Antitumor Activity Of Doxorubicin Conjugated Stearic Acid-g-chitosan Oligosaccharide Polymeric Micelles

Amphiphilic block copolymer could self-aggregate into micelles in an aqueous medium, which emerged as novel targeting drug delivery system with broad prospect.Chitosan oligosaccharide (CSO) with the molecular weight of 18 KDa was obtained from the enzymatic degradation of Chitosan. Mediated by 1-ethyl-3-(3-dimethylami- nopropyl) carbodiimide (EDC), stearic acid grafted chitosan oligosaccharide (CSO-SA) was synthesized. The degree of amino-substitution for CSO-SA was about 6.47±0.60%. CSO-SA could self-assemble to form micelles, the critical micelle concentration (CMC) of which was about 140μg/mL. The diameter and zeta potential of CSO-SA micelles with the concentration of 1 mg/mL were about 32.7±0.1 nm and 51.5±1.0 mV, respectively.Doxorubicin conjugated stearic acid-g-chitosan oligosaccharide polymeric micelles (DOX-CSO-SA) was synthesized via cis-aconityl bond between the anticancer drug doxorubicin (DOX) and stearic acid grafted chitosan oligosaccharide (CSO-SA). The physicochemical of DOX-CSO-SA was determined. The DOX-CSO-SA micelles indicated pH-dependent DOX release behavior. The release rate of DOX from DOX-CSO-SA micelles increased significantly with the reductions of the pH for release medium.
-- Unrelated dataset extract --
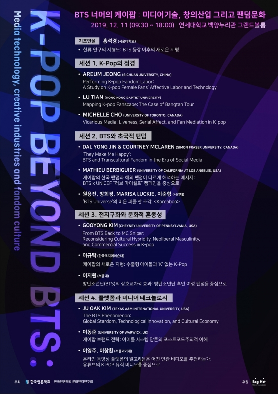 'BTS 너머의 케이팝: 미디어기술, 창의산업 그리고 팬덤문화'라는 이름으로 열리는 이번 세미나는 '21세기 비틀스'로 불리는 방탄소년단이 만들어낸 아이코닉한 문화 현상에 대해 다룬다. 방탄소년단 등장 이후 K팝 관련 논의가 어떻게 발전, 확장하고 있는지 학계의 다층적인 관점에서 토의하는 장으로 마련됐다.

In vitro antitumor activity tests showed the cytotoxicity of DOX-CSO-SA micelles with certain concentration significantly decreased at the culture medium with higher pH. In vitro antitumor activity tests also presented the reversal activity of DOX-CSO-SA micelles against DOX resistance MCF-7 cells (MCF-7/Adr), the reversal power was about 4-10. In vivo tissue distribution results showed that DOX-CSO-SA micelles were largely accumulated to tumor tissue. In vivo antitumor activity results showed that DOX-CSO-SA micelles treatments effectively suppressed the tumor growth and reduced the toxicity against animal body than commercial doxorubicin hydrochloride injection.DOX-CSO-SA micelles were used as drug carrier. Comparing to CSO-SA micelles, DOX-CSO-SA micelles showed better ability of drug loading capacity. The size of DOX loaded DOX-CSO-SA micelles (DOX-CSO-SA/DOX) was smaller than DOX-CSO-SA micelles. In vitro DOX release profiles from DOX-CSO-SA/DOX micelles showed excellent characteristic of drug controlled release. In vitro antitumor activity tests showed the cytotoxicity of DOX-CSO-SA micelles was enhanced by loading DOX drug.